* WORK REQUIRED
Your answer must be an exact copy of the data below, minus any pictures.

#### DATA TO EXAMINE ####

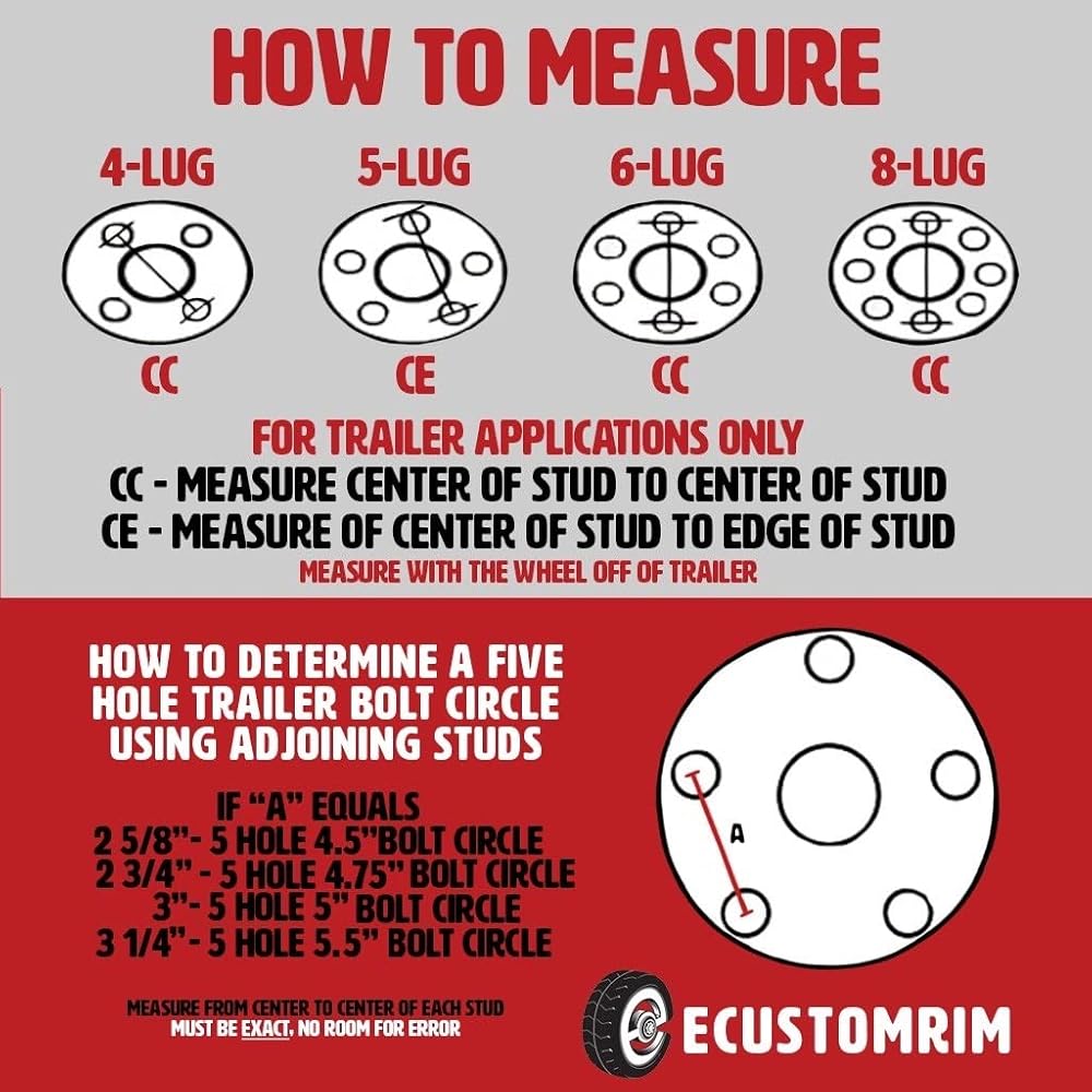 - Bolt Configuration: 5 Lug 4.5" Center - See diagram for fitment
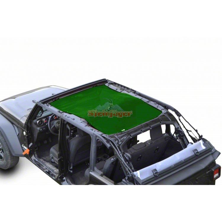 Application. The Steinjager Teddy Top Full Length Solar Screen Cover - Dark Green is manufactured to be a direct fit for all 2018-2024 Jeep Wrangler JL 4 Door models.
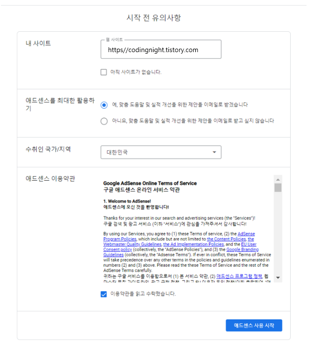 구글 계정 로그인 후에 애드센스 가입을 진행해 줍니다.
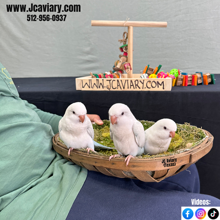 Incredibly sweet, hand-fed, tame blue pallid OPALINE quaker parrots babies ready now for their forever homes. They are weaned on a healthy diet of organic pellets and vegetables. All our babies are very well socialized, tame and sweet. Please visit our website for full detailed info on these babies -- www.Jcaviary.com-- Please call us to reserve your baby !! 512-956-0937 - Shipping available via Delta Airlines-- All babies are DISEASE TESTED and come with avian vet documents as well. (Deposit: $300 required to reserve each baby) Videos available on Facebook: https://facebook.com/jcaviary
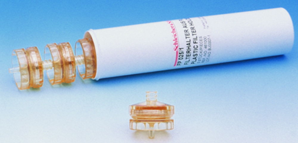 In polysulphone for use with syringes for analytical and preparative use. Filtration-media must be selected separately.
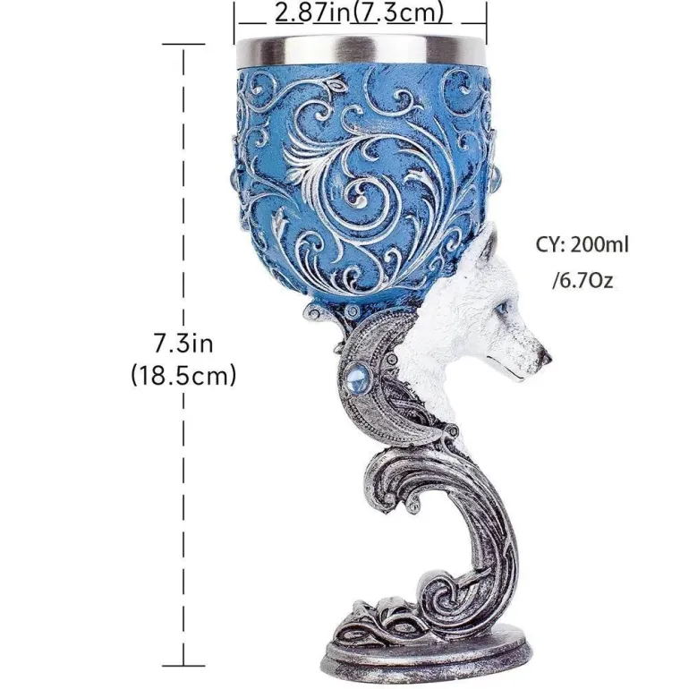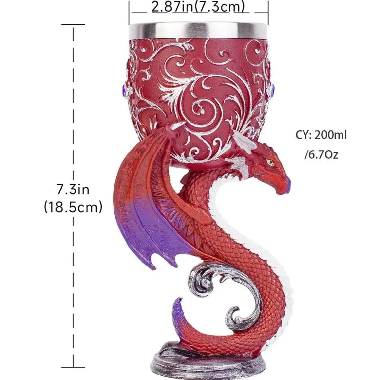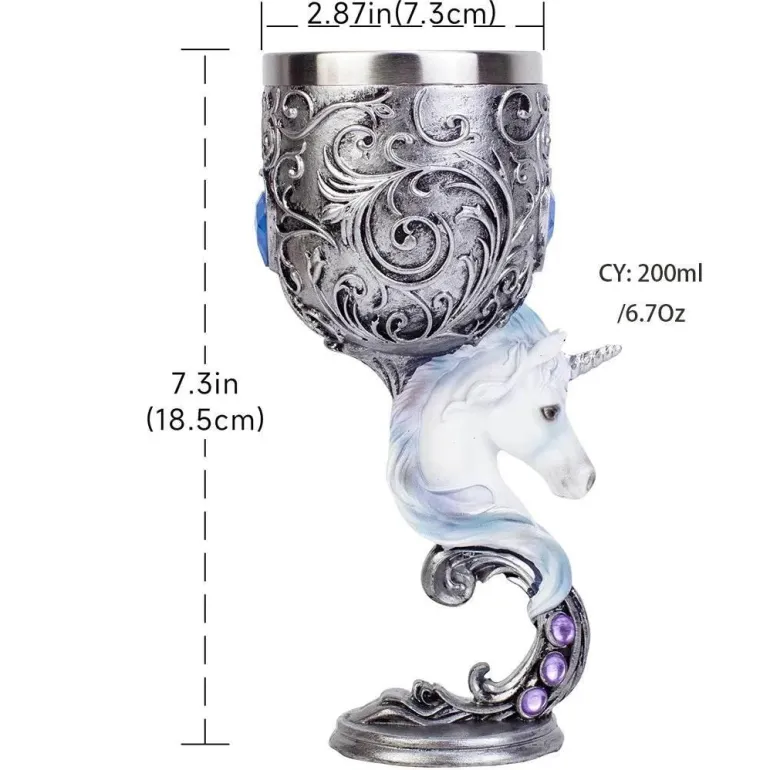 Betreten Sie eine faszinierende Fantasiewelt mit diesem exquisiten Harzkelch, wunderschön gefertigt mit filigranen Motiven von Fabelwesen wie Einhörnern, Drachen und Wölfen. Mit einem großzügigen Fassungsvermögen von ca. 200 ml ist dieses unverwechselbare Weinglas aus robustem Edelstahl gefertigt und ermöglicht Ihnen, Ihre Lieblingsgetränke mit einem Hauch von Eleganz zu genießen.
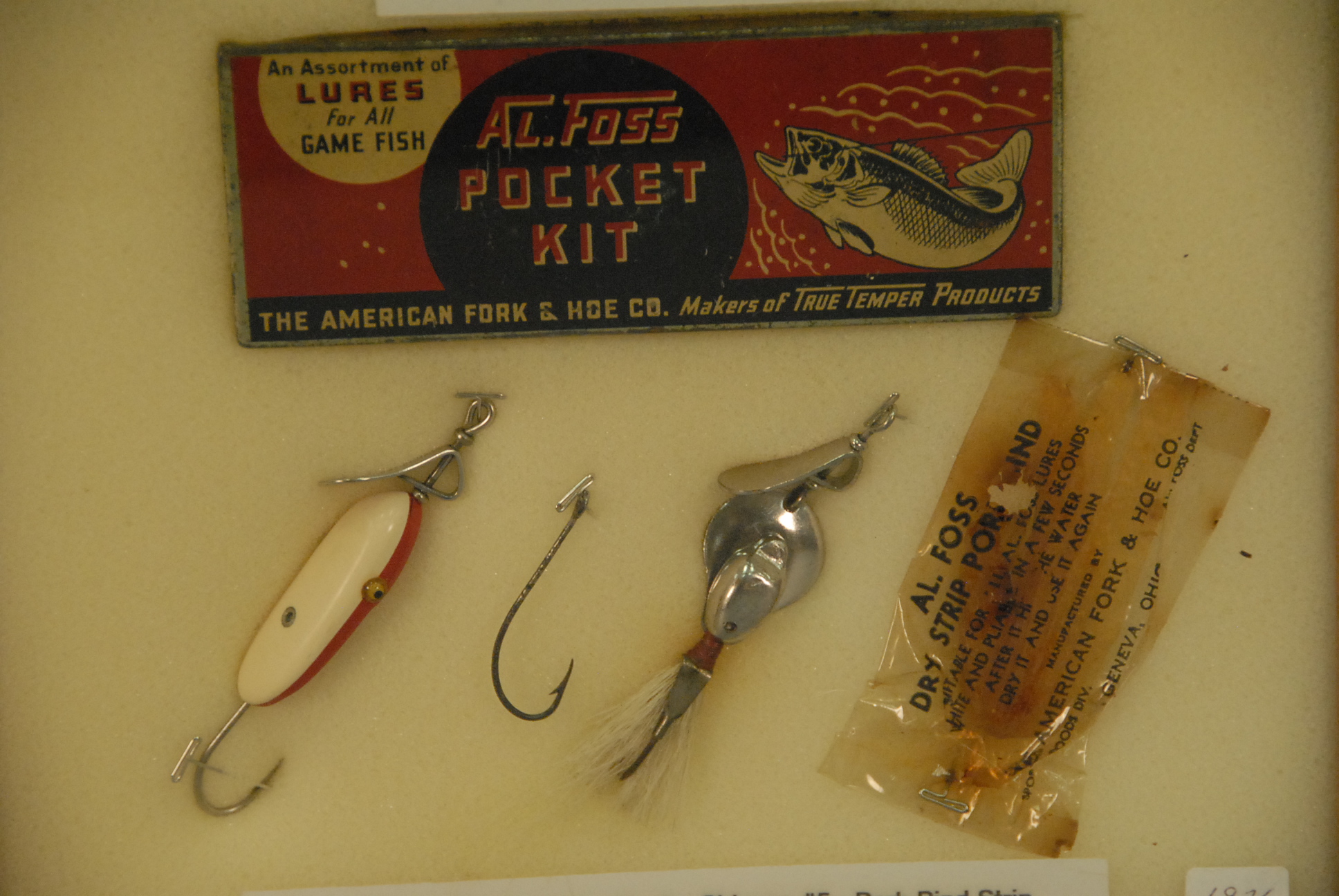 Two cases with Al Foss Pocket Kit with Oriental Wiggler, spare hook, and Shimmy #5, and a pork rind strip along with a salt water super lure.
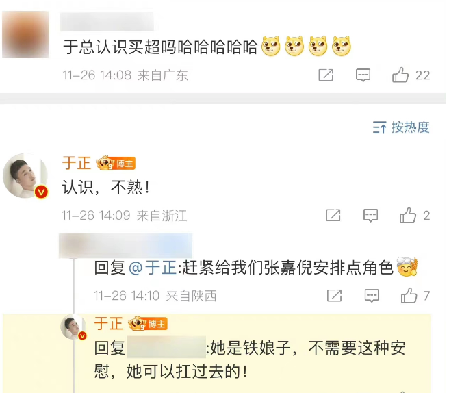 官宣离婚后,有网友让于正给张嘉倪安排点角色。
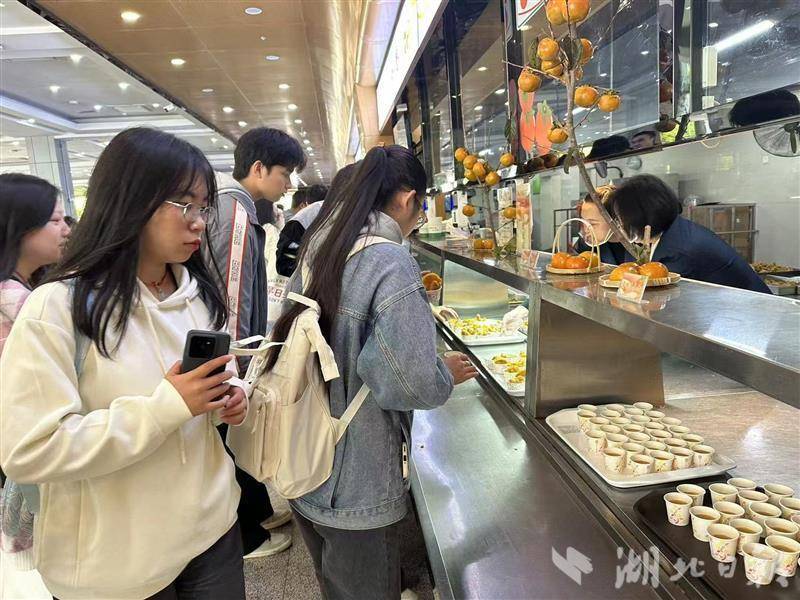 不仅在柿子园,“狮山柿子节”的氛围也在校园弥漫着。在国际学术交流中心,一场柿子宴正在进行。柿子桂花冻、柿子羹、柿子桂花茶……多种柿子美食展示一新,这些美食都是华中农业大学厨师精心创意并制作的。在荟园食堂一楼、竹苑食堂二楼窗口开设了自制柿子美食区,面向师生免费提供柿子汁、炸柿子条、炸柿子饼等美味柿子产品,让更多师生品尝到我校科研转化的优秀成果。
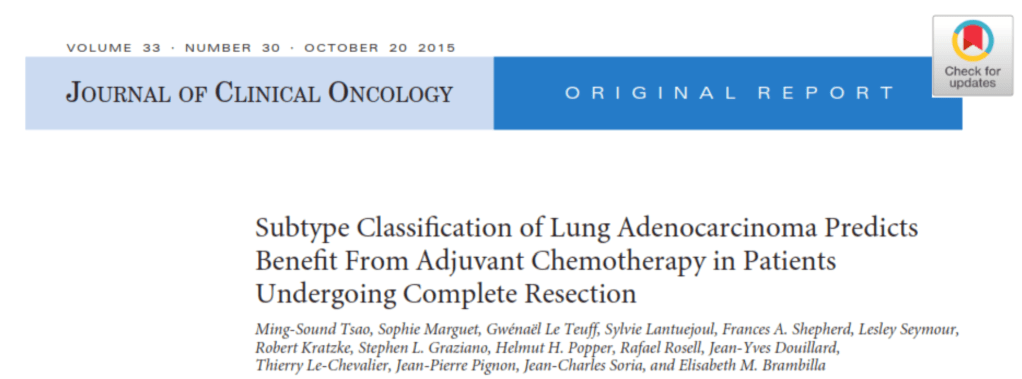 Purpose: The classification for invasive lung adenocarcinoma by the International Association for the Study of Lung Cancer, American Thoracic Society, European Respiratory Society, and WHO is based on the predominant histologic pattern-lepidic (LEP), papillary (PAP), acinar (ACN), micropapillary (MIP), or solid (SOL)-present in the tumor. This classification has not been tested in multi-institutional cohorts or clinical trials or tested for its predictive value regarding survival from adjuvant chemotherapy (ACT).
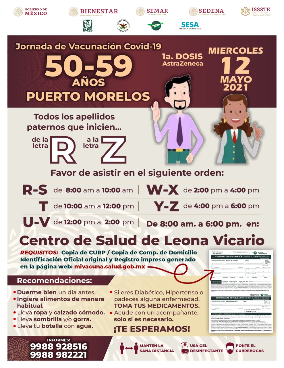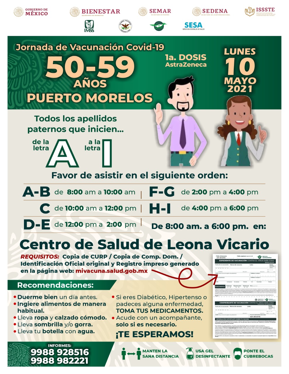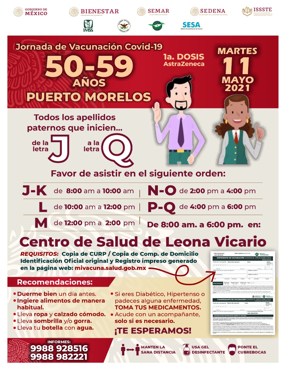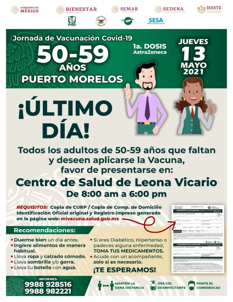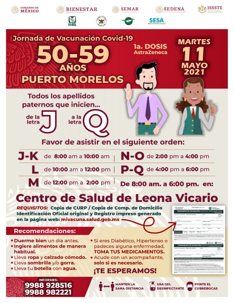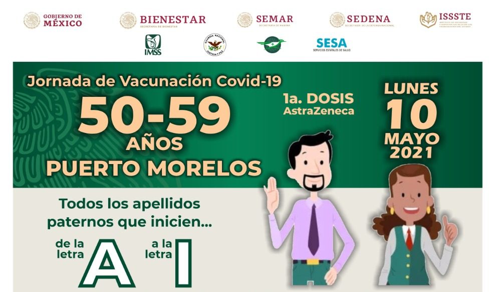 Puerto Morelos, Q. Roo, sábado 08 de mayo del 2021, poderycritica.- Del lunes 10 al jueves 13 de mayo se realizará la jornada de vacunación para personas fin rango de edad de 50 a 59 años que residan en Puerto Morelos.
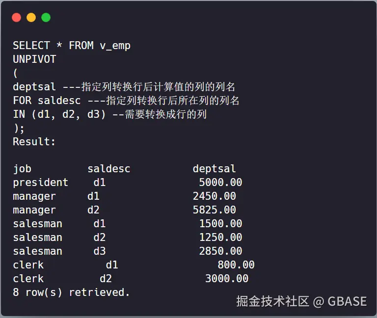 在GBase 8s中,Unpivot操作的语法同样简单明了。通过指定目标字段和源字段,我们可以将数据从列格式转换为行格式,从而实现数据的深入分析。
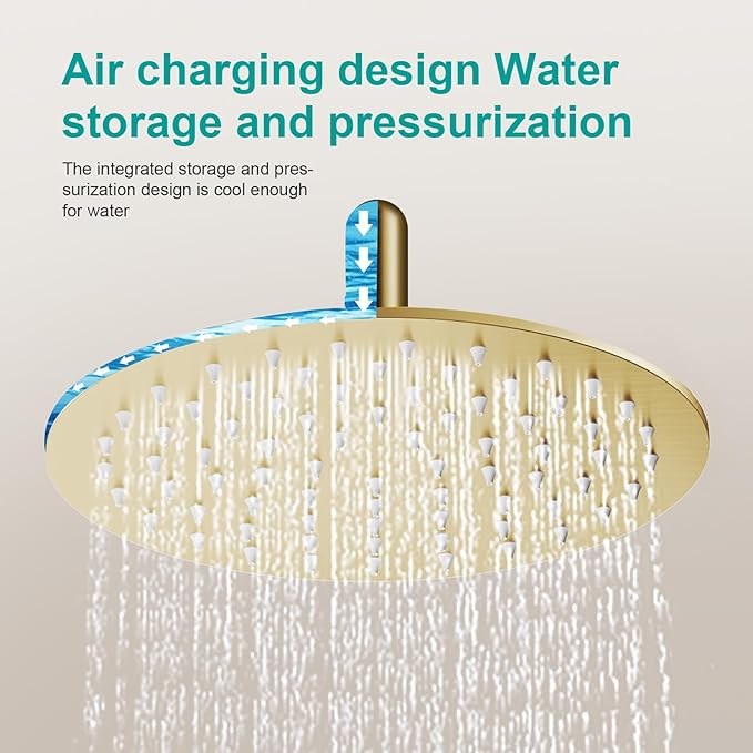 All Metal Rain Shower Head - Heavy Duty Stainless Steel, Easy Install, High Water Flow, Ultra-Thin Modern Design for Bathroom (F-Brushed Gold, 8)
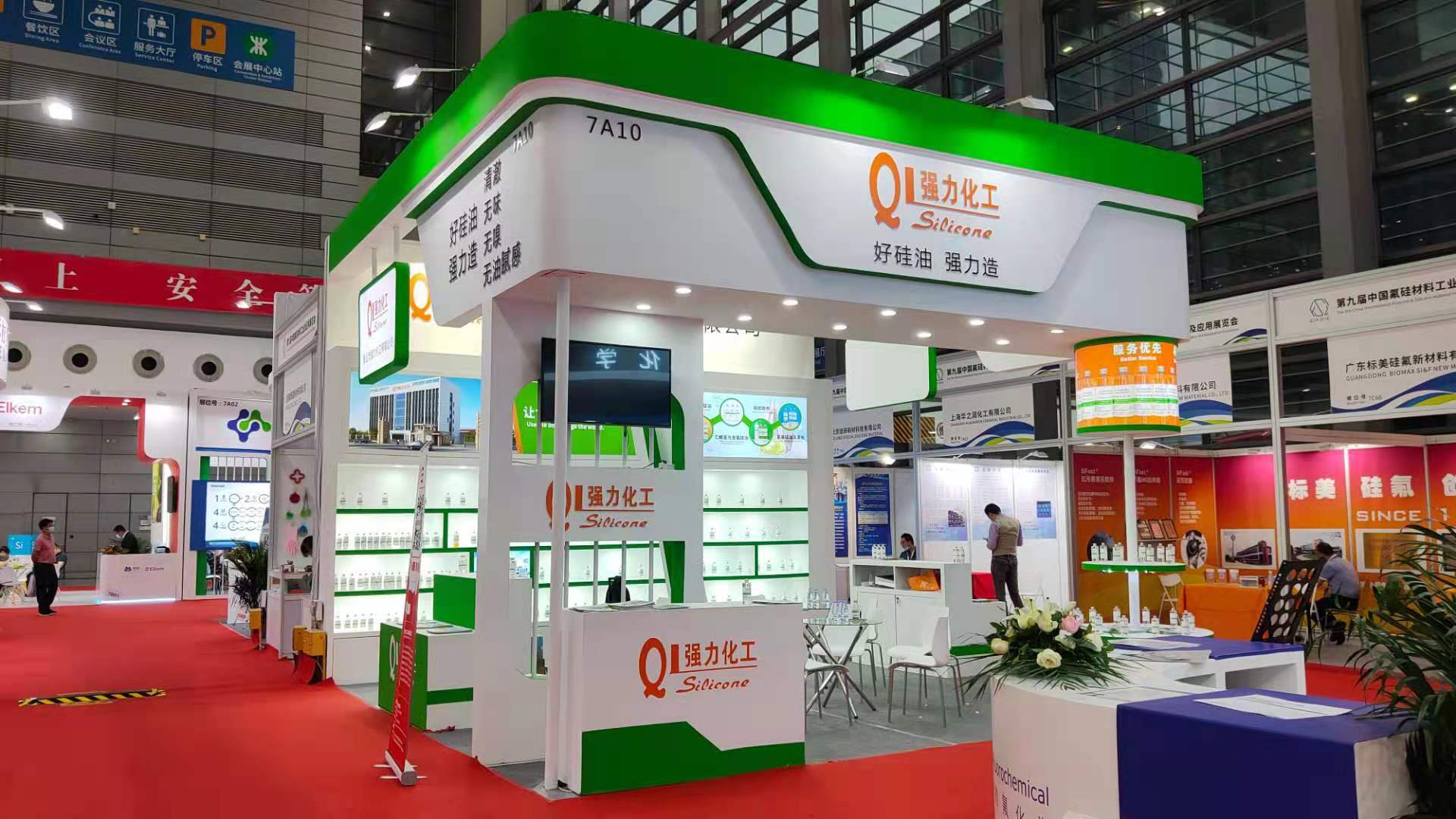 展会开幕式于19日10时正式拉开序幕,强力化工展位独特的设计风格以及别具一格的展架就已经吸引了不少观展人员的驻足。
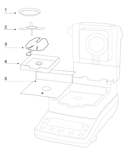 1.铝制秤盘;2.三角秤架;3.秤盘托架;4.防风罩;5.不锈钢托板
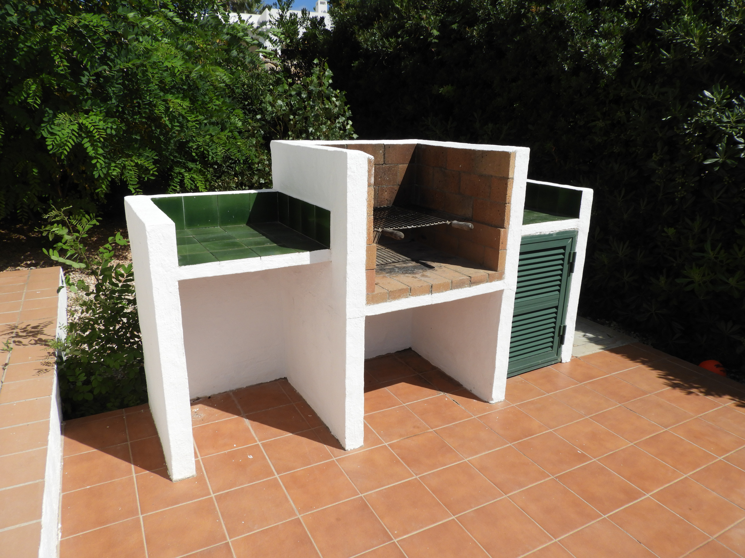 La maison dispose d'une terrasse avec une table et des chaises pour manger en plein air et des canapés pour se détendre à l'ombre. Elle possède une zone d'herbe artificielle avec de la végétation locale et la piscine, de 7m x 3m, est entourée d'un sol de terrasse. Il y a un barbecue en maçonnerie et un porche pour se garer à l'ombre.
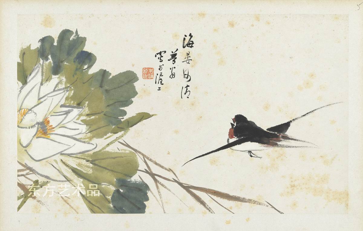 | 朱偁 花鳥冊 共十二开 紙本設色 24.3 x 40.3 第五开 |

####

* SOLUTION TO THE PROBLEM
 - Bolt Configuration: 5 Lug 4.5" Center - See diagram for fitment
 Application. The Steinjager Teddy Top Full Length Solar Screen Cover - Dark Green is manufactured to be a direct fit for all 2018-2024 Jeep Wrangler JL 4 Door models.
 구글 계정 로그인 후에 애드센스 가입을 진행해 줍니다.
 Incredibly sweet, hand-fed, tame blue pallid OPALINE quaker parrots babies ready now for their forever homes. They are weaned on a healthy diet of organic pellets and vegetables. All our babies are very well socialized, tame and sweet. Please visit our website for full detailed info on these babies -- www.Jcaviary.com-- Please call us to reserve your baby !! 512-956-0937 - Shipping available via Delta Airlines-- All babies are DISEASE TESTED and come with avian vet documents as well. (Deposit: $300 required to reserve each baby) Videos available on Facebook: https://facebook.com/jcaviary
 In polysulphone for use with syringes for analytical and preparative use. Filtration-media must be selected separately.
 Betreten Sie eine faszinierende Fantasiewelt mit diesem exquisiten Harzkelch, wunderschön gefertigt mit filigranen Motiven von Fabelwesen wie Einhörnern, Drachen und Wölfen. Mit einem großzügigen Fassungsvermögen von ca. 200 ml ist dieses unverwechselbare Weinglas aus robustem Edelstahl gefertigt und ermöglicht Ihnen, Ihre Lieblingsgetränke mit einem Hauch von Eleganz zu genießen.
 Two cases with Al Foss Pocket Kit with Oriental Wiggler, spare hook, and Shimmy #5, and a pork rind strip along with a salt water super lure.
 官宣离婚后,有网友让于正给张嘉倪安排点角色。
 不仅在柿子园,“狮山柿子节”的氛围也在校园弥漫着。在国际学术交流中心,一场柿子宴正在进行。柿子桂花冻、柿子羹、柿子桂花茶……多种柿子美食展示一新,这些美食都是华中农业大学厨师精心创意并制作的。在荟园食堂一楼、竹苑食堂二楼窗口开设了自制柿子美食区,面向师生免费提供柿子汁、炸柿子条、炸柿子饼等美味柿子产品,让更多师生品尝到我校科研转化的优秀成果。
 Purpose: The classification for invasive lung adenocarcinoma by the International Association for the Study of Lung Cancer, American Thoracic Society, European Respiratory Society, and WHO is based on the predominant histologic pattern-lepidic (LEP), papillary (PAP), acinar (ACN), micropapillary (MIP), or solid (SOL)-present in the tumor. This classification has not been tested in multi-institutional cohorts or clinical trials or tested for its predictive value regarding survival from adjuvant chemotherapy (ACT).
 Puerto Morelos, Q. Roo, sábado 08 de mayo del 2021, poderycritica.- Del lunes 10 al jueves 13 de mayo se realizará la jornada de vacunación para personas fin rango de edad de 50 a 59 años que residan en Puerto Morelos.
 在GBase 8s中,Unpivot操作的语法同样简单明了。通过指定目标字段和源字段,我们可以将数据从列格式转换为行格式,从而实现数据的深入分析。
 All Metal Rain Shower Head - Heavy Duty Stainless Steel, Easy Install, High Water Flow, Ultra-Thin Modern Design for Bathroom (F-Brushed Gold, 8)
 展会开幕式于19日10时正式拉开序幕,强力化工展位独特的设计风格以及别具一格的展架就已经吸引了不少观展人员的驻足。
 1.铝制秤盘;2.三角秤架;3.秤盘托架;4.防风罩;5.不锈钢托板
 La maison dispose d'une terrasse avec une table et des chaises pour manger en plein air et des canapés pour se détendre à l'ombre. Elle possède une zone d'herbe artificielle avec de la végétation locale et la piscine, de 7m x 3m, est entourée d'un sol de terrasse. Il y a un barbecue en maçonnerie et un porche pour se garer à l'ombre.
 | 朱偁 花鳥冊 共十二开 紙本設色 24.3 x 40.3 第五开 |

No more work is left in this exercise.